## Extracted information:
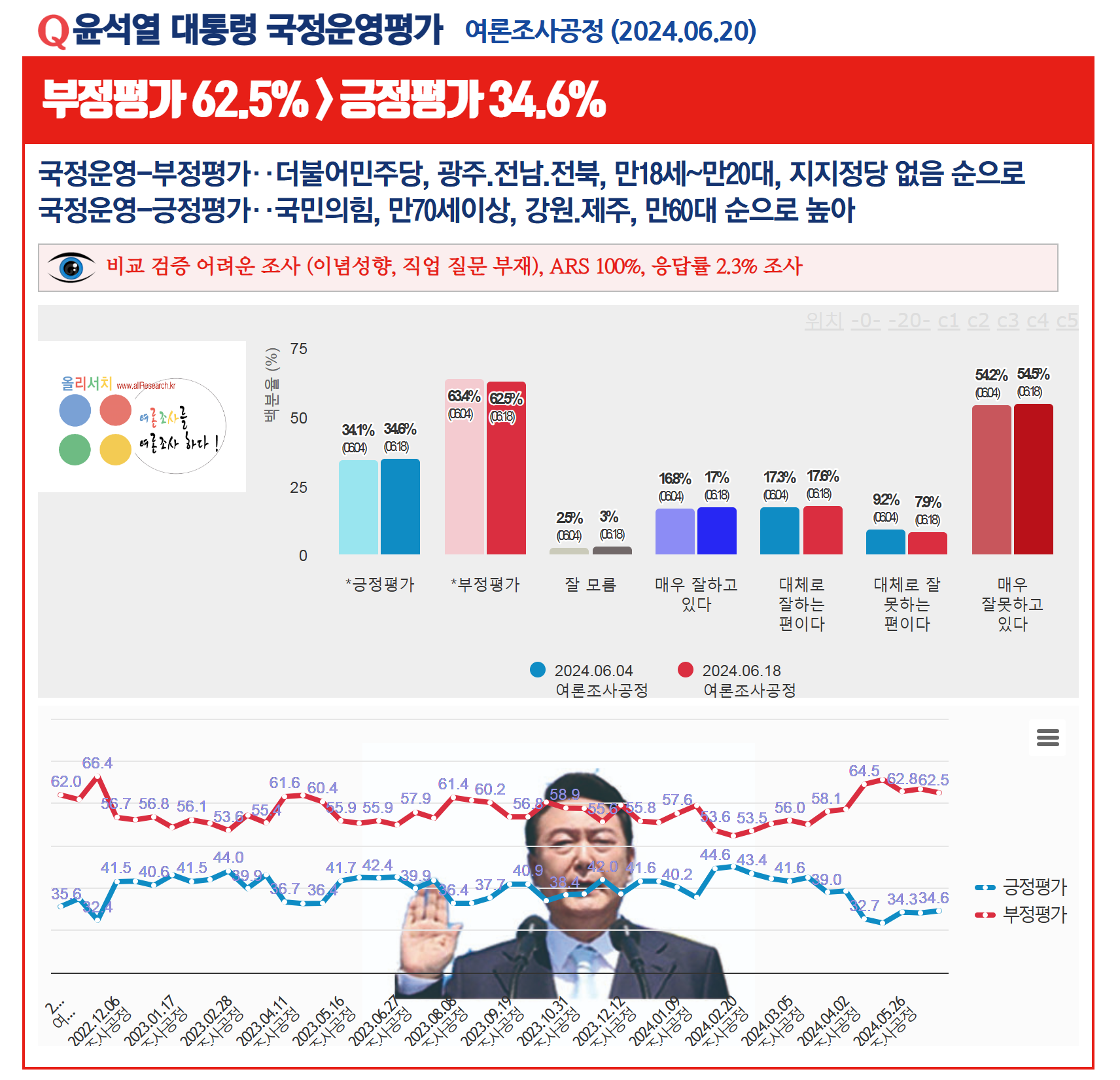À±¼®¿ ´ëÅë·É ±¹Á¤¿î¿µÆò°¡(¿©·ÐÁ¶»ç°øÁ¤, ÀÀ´ä·ü 2.3%, 100% ARS Á¶»ç, 2024.06.20°øÇ¥)
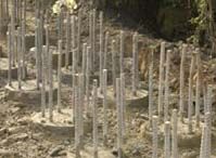 Иногда используют такую конструкцию свайного фундамента, когда сваи изготавливаются непосредственно в грунте. Для этого бурят скважину, вставляют в неё арматурный каркас и полые трубы. Далее всё это заливают бетоном. После чего бетон необходимо уплотнить утрамбовкой или вибрацией.
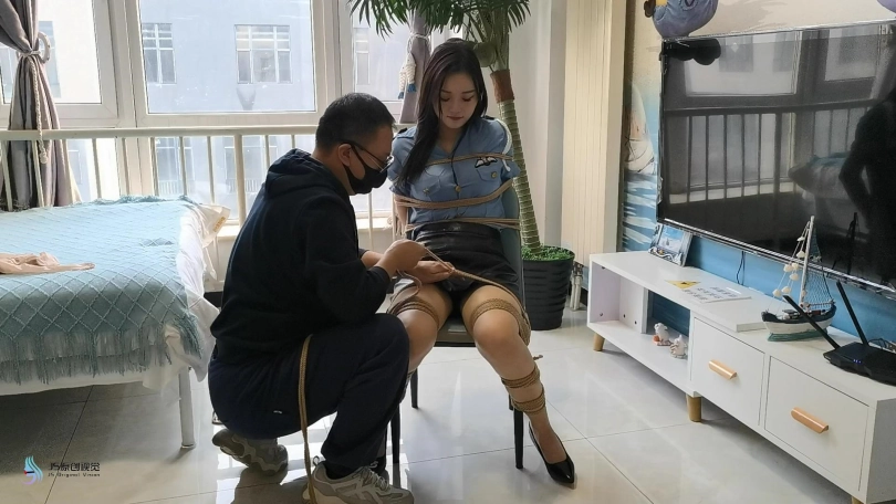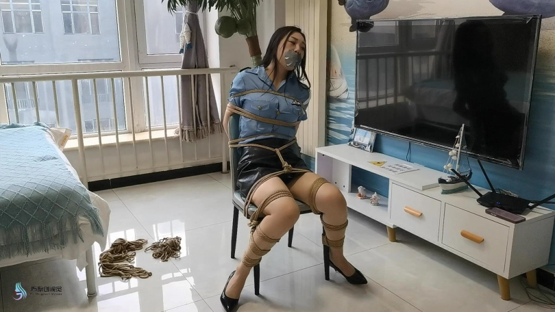 【JS】【哈妮】《母子游戏》美女J官答应和儿子玩J匪游戏,绑上后却出去玩,留下妈妈独自挣扎
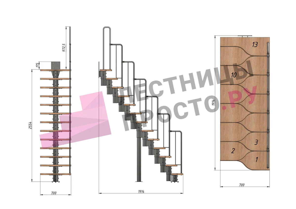 Лестница Prosto Urban Black гусиный шаг 700 мм, h234-336 см (13 ступеней), ясень
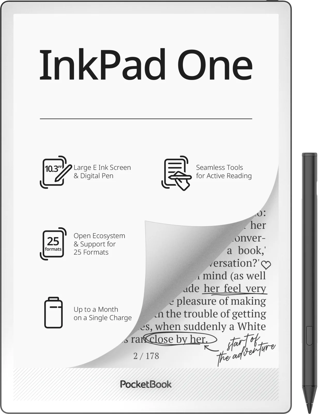 Além de visualizar o conteúdo, o e-reader também pode ser usado para fazer anotações. O InkPad One apresenta uma função de anotações que permite adicionar comentários e marcações usando a Stylus 2 incluída. O dispositivo com 5,15 mm de espessura também oferece reprodução de arquivos de áudio, como audiolivros e outros arquivos, via Bluetooth, bem como uma função de conversão de texto em fala para leitura de arquivos de texto em voz alta

## Task brief:
From the listing above, print every entry precisely and drop the pictures.

## Solved exercise:
À±¼®¿ ´ëÅë·É ±¹Á¤¿î¿µÆò°¡(¿©·ÐÁ¶»ç°øÁ¤, ÀÀ´ä·ü 2.3%, 100% ARS Á¶»ç, 2024.06.20°øÇ¥)
 Иногда используют такую конструкцию свайного фундамента, когда сваи изготавливаются непосредственно в грунте. Для этого бурят скважину, вставляют в неё арматурный каркас и полые трубы. Далее всё это заливают бетоном. После чего бетон необходимо уплотнить утрамбовкой или вибрацией.
 【JS】【哈妮】《母子游戏》美女J官答应和儿子玩J匪游戏,绑上后却出去玩,留下妈妈独自挣扎
 Лестница Prosto Urban Black гусиный шаг 700 мм, h234-336 см (13 ступеней), ясень
 Além de visualizar o conteúdo, o e-reader também pode ser usado para fazer anotações. O InkPad One apresenta uma função de anotações que permite adicionar comentários e marcações usando a Stylus 2 incluída. O dispositivo com 5,15 mm de espessura também oferece reprodução de arquivos de áudio, como audiolivros e outros arquivos, via Bluetooth, bem como uma função de conversão de texto em fala para leitura de arquivos de texto em voz alta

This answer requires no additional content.